Adding hard stops will prevent the Motor from moving when a Hard Stop is Triggered.

• Hard Limits do not require Activating.
• Hard Stops just need connecting.
• The Hard stop pins are held HIGH and are triggered when pulled to GND.

In this Scenario:

• The Motor would be connected to the Motor Driver.
• Minimum, Maximum Stops require connecting.

There are no settings for the Hard stops.

• The Maximum Hard Stop will stop the Motor if Triggered when the motor is moving Forward.
• The Minimum Hard Stop will stop the Motor if Triggered when the motor is moving Backward.
• The motor can be restarted in the opposite direction it was stopped.

Depending on what you are making, Hard stops can be used as obstacle sensors.

• For instance, if you are making a remote controlled vehicle, they could be attached to bumpers.

Hard Stops can be read by the Microcontroller, see Master Microcontroller Code.

What is a Station?

Put simply a Station is a place, a position, a coordinate that is known.

Adding a Station (switch) will give you a know position that can be set when Triggered.

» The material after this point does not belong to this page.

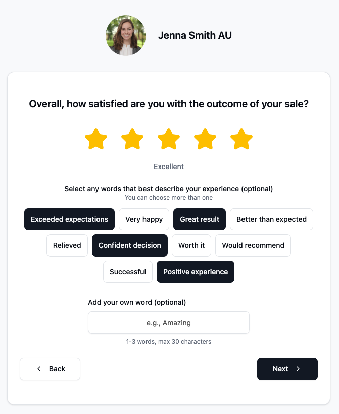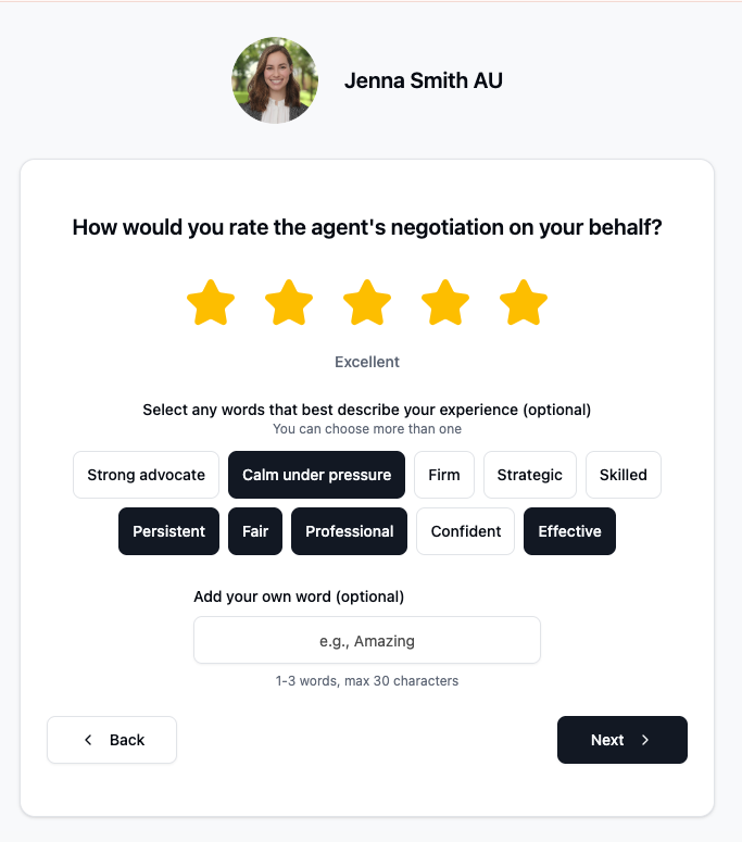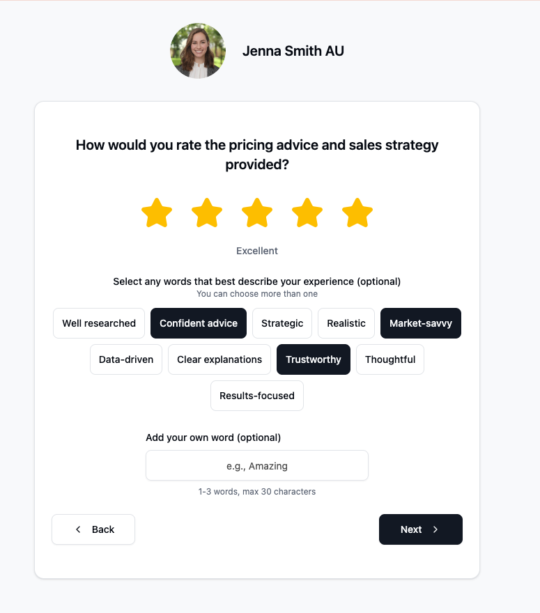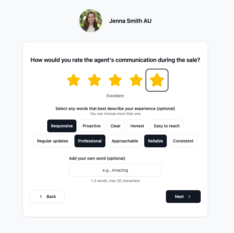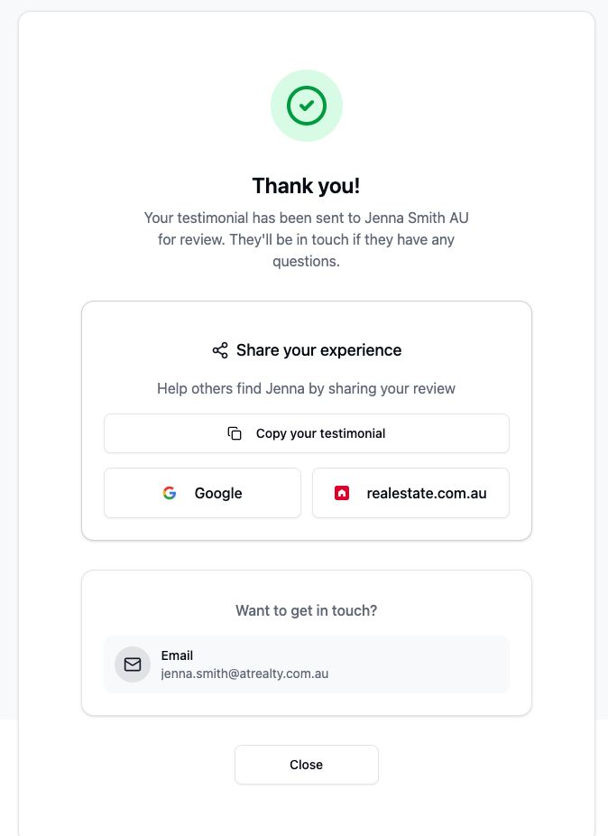 - For high ratings (4-5 stars): Links to also leave reviews on Google, Rate My Agent, and REA

• The value of the Position can be set in Settings.

In this Scenario:

• The Motor would be connected to the Motor Driver.
• A Station will be connected.

Settings used would be:

• C6 B<value> = Set: Has a Station Position.
• C7 P<value> = Set the Forward Station Position value.
• C8 P<value> = Set the Reverse Station Position value.

Why two Position values?

As with most micro switches, the position it turns on is not always the same position it turns off.

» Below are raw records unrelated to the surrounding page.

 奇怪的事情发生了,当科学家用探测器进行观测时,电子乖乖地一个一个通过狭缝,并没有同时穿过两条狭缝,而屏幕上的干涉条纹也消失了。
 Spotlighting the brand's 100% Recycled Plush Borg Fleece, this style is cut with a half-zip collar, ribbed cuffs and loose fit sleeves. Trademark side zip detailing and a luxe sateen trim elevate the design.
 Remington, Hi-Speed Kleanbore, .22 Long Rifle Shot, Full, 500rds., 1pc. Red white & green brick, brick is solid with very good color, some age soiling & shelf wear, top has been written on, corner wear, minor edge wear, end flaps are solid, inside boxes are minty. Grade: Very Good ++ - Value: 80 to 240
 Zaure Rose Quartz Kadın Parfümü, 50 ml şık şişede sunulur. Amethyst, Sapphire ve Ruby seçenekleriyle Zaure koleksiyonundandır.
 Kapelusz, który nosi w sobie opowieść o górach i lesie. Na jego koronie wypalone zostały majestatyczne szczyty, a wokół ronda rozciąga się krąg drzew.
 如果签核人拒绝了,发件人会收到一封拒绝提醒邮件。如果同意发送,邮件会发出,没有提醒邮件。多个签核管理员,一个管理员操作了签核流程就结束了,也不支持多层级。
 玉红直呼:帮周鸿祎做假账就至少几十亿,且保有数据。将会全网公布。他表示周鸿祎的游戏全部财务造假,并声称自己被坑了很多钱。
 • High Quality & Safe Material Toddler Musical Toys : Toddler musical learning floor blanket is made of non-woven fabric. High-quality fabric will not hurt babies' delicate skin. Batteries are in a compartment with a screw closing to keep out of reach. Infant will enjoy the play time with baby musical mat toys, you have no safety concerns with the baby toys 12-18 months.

• If not using micro switches and using an IR switch with a shutter.
• The shutter used with an IR switch has a minimum width to block the light to the sensor.
• So the position will be different closing the shutter from each direction.
• Having the ability to set both positions that can Trigger the Station makes it more accurate.

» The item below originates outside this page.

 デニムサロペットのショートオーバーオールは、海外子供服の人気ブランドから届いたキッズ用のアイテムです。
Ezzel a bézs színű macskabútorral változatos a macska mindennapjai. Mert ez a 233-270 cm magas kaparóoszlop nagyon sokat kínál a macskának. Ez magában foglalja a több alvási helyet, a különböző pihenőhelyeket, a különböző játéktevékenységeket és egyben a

I have done an Arduino Sketch to enable you to set up a Motor Driver. (In supplies above)

• This requires an Arduino to to communicate with the Motor Driver.
• The Sketch will allow you to send and receive data to and from the Motor Driver.
• The Sketch uses the USB Serial to transfer your commands via a serial monitor to the Motor Driver.
• This is the type of code you would use in your own projects to control your motors.

The Sketch uses an "X" command, similar to what we have for the Motor Driver.

• The "X" command does not go to the Motor Driver, it is used to tell the Arduino to get data from the Motor Driver.
• The Arduino will then use the data received to show the information we need.
• When writing code for your own project, you will use the code within the "X" command to get information.

To show the best potential of the Motor Driver I will be Using the Scenario [Quadrature Encoder]

• You can wire up the other Scenarios if you like.
• All can be wired.
• I will be using my next partially built project, I have been working on the Motor Driver before going further with it.(We have to make sure something is going to work before the next stage, right!)

I have made a flow chart to show a typical setup.

I will be doing an Instructable for the Robotic Arm once it is completed, but there is so much to it, some of the things I am making are projects in them selves.

This is the first stage of my Robot Arm.

• At this stage I was testing out my New Motor Drivers to make sure all worked as I hoped.
• In the video the first 16 minutes is testing the Drivers.
• After 16 minutes I just added some information about some difficulties I found about the "Arduino NANO 33 IoT", It will only be of interest to those that have an "Arduino NANO 33 IoT".

I thought I would just add this video so that you could visualize where this is going.